При входѣ на одной изъ улицъ, прилегающихъ къ Marché aux Chevaux, гдѣ немного мрачные дома богачей находятся рядомъ съ конторами и торговыми магазинами, постояннымъ приливомъ и отливомъ процвѣтающаго улья — проходитъ на разстояніи сорока метровъ, темная ст-ѣна, разрушающаяся, по крайней мірѣ, втеченіе двухъ вѣковъ, но достаточно массивная, чтобы еще просуществовать долгое время.
Посрединѣ огромныя ворота ведутъ на большой дворъ, окруженный съ трехъ сторонъ старинными зданіями.
На солидной черной двери красуется широкая мѣдная доска, на которой большими буквами значится Дальмансъ-Дейнцъ и Ко. Граверъ хотѣлъ прибавить: колоніальные товары. Но зачѣмъ? замѣтили ему. Въ Антверпенѣ всѣ знаютъ, что Дальмансъ-Дейнцъ, единственные Дальмансъ-Дейнцъ крупные торговцы колоніальными товарами; это дѣло переходило по наслѣдству отъ отца къ сыну и ведетъ свое начало отъ временъ австрійскаго владычества, можетъ быть отъ Ганзейскаго союза.
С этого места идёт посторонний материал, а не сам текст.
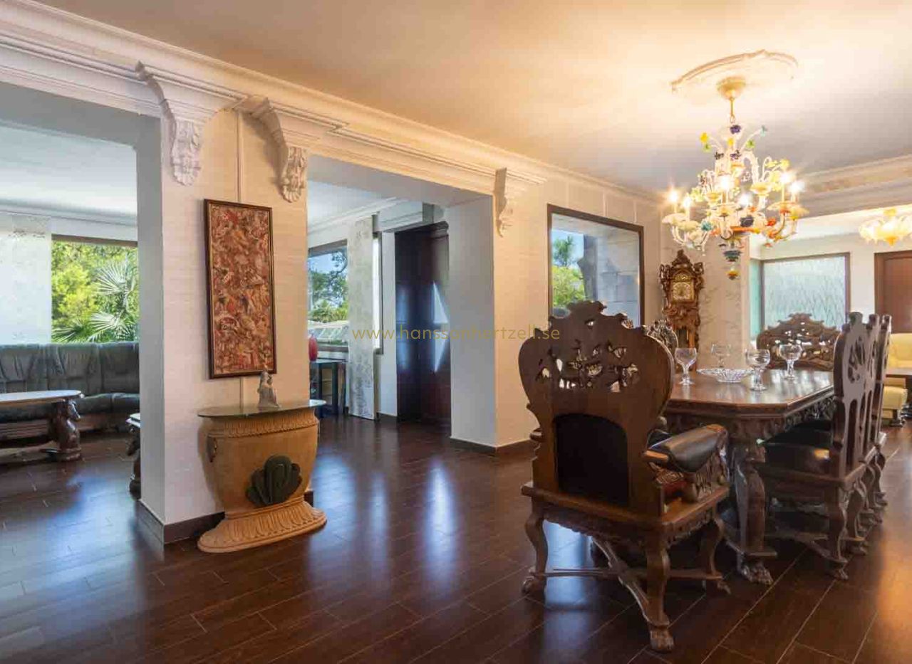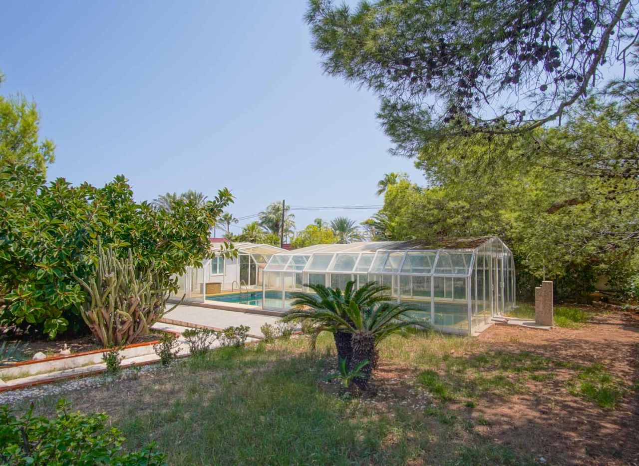 Nestled on a large private plot surrounded by Mediterranean vegetation, this unique property in Las Rotas represents an exceptional opportunity in one of the most desirable areas of Dénia. Just 100 meters from the iconic coves of Las Rotas, known for their natural beauty, crystal-clear waters, and excellent areas for swimming, snorkeling, and enjoying the sea, this house combines privacy, space, and an unbeatable location. Within walking distance are some of the coast's most popular restaurants, and the center of Dénia is also a comfortable stroll away. The property stands out not only for its size and location, but also for the versatility of its spaces, with multiple independent constructions offering countless possibilities. Although it is in habitable condition, it is in need of a general renovation, making it an ideal option for those looking to create a custom home or make an investment with great potential for appreciation. The main villa, spread over two floors, offers spacious and bright rooms. On the ground floor, a generous entrance hall leads to an elegant living-dining room, a welcoming family room, a separate kitchen, two bedrooms, a large dressing room, a full bathroom, and a guest toilet. Upstairs, there are two additional bedrooms—one with an en-suite bathroom—a living room, and a guest toilet. This floor opens onto a large terrace with stunning views of the trees and the sea, a perfect place to relax at sunset or enjoy summer nights. In addition to the main residence, the property has three additional buildings. The first is a separate apartment with two bedrooms, a living-dining room, a kitchen, and a guest toilet, ideal for accommodating family, guests, or even as a tourist accommodation. The second building is a space designed for leisure and relaxation, with a living room with a fireplace, a charming library, and an impressive basement wine cellar, perfect for wine lovers. The third building, located next to the pool, offers a living room with direct access to a sauna, ideal for relaxing after a day at the beach or an active day outdoors. Dénia, with its castle, marina, and wide-ranging gastronomic offering, is a vibrant city full of life year-round. The Las Rotas area, in particular, is renowned for its natural charm, with a promenade bordering rocky coves and offering quiet spots to enjoy the sea, much appreciated by locals and visitors alike. This property has all the ingredients to become a spectacular family home, a dream second home, or a profitable investment in a prime location. A place with history, character, and all the potential to transform into something truly extraordinary.

Если кто проникаетъ въ ворота, глубокія, какъ какая-нибудь туннель крѣпостей, попадаетъ во дворъ, то сначала наталкивается на невысокаго, живого, хотя и толстаго, старика, съ краснымъ лицомъ, небольшими худыми ногами, болѣе короткими, чѣмъ надо, но постоянно находящимися въ движеніи. Это привратникъ. Какъ только онъ замѣчаетъ кого-нибудь, онъ снимаетъ черную фуражку съ лакированнымъ козырькомъ, и если кто спроситъ у него, гдѣ находится патронъ, директоръ фирмы, онъ отвѣтитъ, сообразно времени дня: «дома, пожалуйте, сударь», или же «направо, у стола».
Дворъ, вымощенный голубыми камнями, обыкновенно заваленъ мѣшками, бочками, боченками, плетенными бутылями, мѣхами и корзинами всѣхъ цвѣтовъ и размѣровъ.
Но привратникъ, радуясь на ваше удивленіе, объяснитъ вамъ, что все это только ничтожный складъ, только образцы.
Въ порту Сенъ-Феликсъ, или въ докахъ, на старыхъ бассейнахъ, можно видѣть привозимые или отправляемые товары фирмы Дальмансъ-Дейнцъ.
Тяжелыя колымаги, запряженныя огромными лошадьми «націй», ждутъ на улицѣ, чтобы ихъ нагрузили или сняли бы съ нихъ грузъ. Г. Ванъ Ліеръ, завѣдующій складомъ, въ одной жилеткѣ, худой, бритый, съ глазами таможеннаго надсмотрщика, съ карандашомъ и книжкой въ рукѣ, записываетъ, заноситъ цифры, просматриваетъ счета, иногда, точно бѣлка, соскакиваетъ на тюки товаровъ, которые онъ провѣряетъ, испуская крики и требованія, распекаетъ своихъ помощниковъ, торопитъ телѣжниковъ на столь же непонятномъ языкѣ, какъ санскритскій, для тѣхъ, кто не посвященъ въ тайны колоніальныхъ товаровъ.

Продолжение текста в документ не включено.